Nathaniel leans back, voice low, as if afraid the rain might carry the memory away.
"It was late—after the final exams last spring. She said she wanted to show me something... something she'd hidden beneath Westminster Bridge. I thought it was another of her riddles. She always loved those."
He pauses, eyes unfocused. "She took my hand. Her skin was ice. The river below us was black. Then she whispered, 'You'll never fear the dark again.' Before I could ask what she meant, her fangs were in my neck. It didn't hurt. It burned. Like being unmade from the inside out."
Theo watches, silent.
"I woke up in my dorm two days later. My blood felt wrong. My heartbeat—slower. My reflection—fading. And she was gone."
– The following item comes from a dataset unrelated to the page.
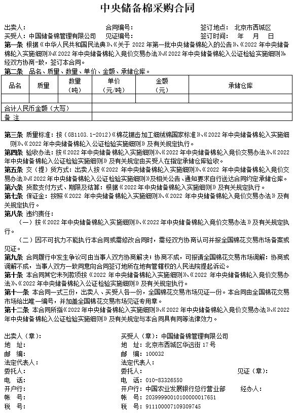 第十条 交易市场根据竞价交易成交结果生成《中央储备棉采购合同》。交储企业须在成交后次日起5个工作日内签订合同,同时将拟交储棉花批次信息作为附件提交交易市场,交易市场确认所提交批次已纳入新疆专业监管、由交储企业加工、且在新疆监管库公证检验结果颜色级白棉3级及以上的比例不低于80%后,办理合同见证。

The silence after that confession feels sacred, almost unbearable.
Theo finally says, "She cursed you with eternity and left you human enough to feel it."
Nathaniel's lips tighten. "Maybe that's the cruelest thing about it."
By evening, the candlelight has thinned into dusk. The rain outside turns into fog, crawling through the window cracks. The library feels endless—books whispering in forgotten tongues.
Theo yawns. "Mate, we've been at this for eight hours."
"Then we're close," Nathaniel murmurs. He stands, pacing slowly, eyes darting between the scattered symbols. His fingers trace the invisible geometry of thought. "Everything revolves around resonance—blood flow, lunar cycle, heart rhythm. There's a pattern. I can feel it."
Theo grins faintly. "You're starting to sound like a scientist and a prophet."
Nathaniel's eyes flash crimson for a moment—so faint Theo almost doubts he saw it.
"Maybe both."
Theo stiffens but doesn't move. "Your eyes—"
"It happens sometimes," Nathaniel says quietly. "When I'm close to something."
Theo exhales shakily. "Close to what?"
Nathaniel looks toward the window. "Understanding what I've become."
The quiet fractures.
A violin note cuts through the fog—low, mournful, perfect. The kind of sound that could shatter glass if it wanted to.
Theo's head snaps toward the sound. "Tell me that's the music department."
Nathaniel doesn't answer. His body goes still. Every instinct hums like an electric field.
They rush to the nearest window. Below, the courtyard glows faintly under a flickering lamppost. A single figure stands there, coat flaring in the wind, bow drawn across violin strings of silver.
Adolf van Giovanni.
The same predator who haunted their steps in the mist, whose music once heralded chaos and blood. His white hair glimmers like frost, eyes reflecting the lamplight with an inhuman gleam.
Theo grips the sill. "He's here."
Nathaniel's voice is steady, low. "He wants me to come down."
Theo turns sharply. "And you're not going alone."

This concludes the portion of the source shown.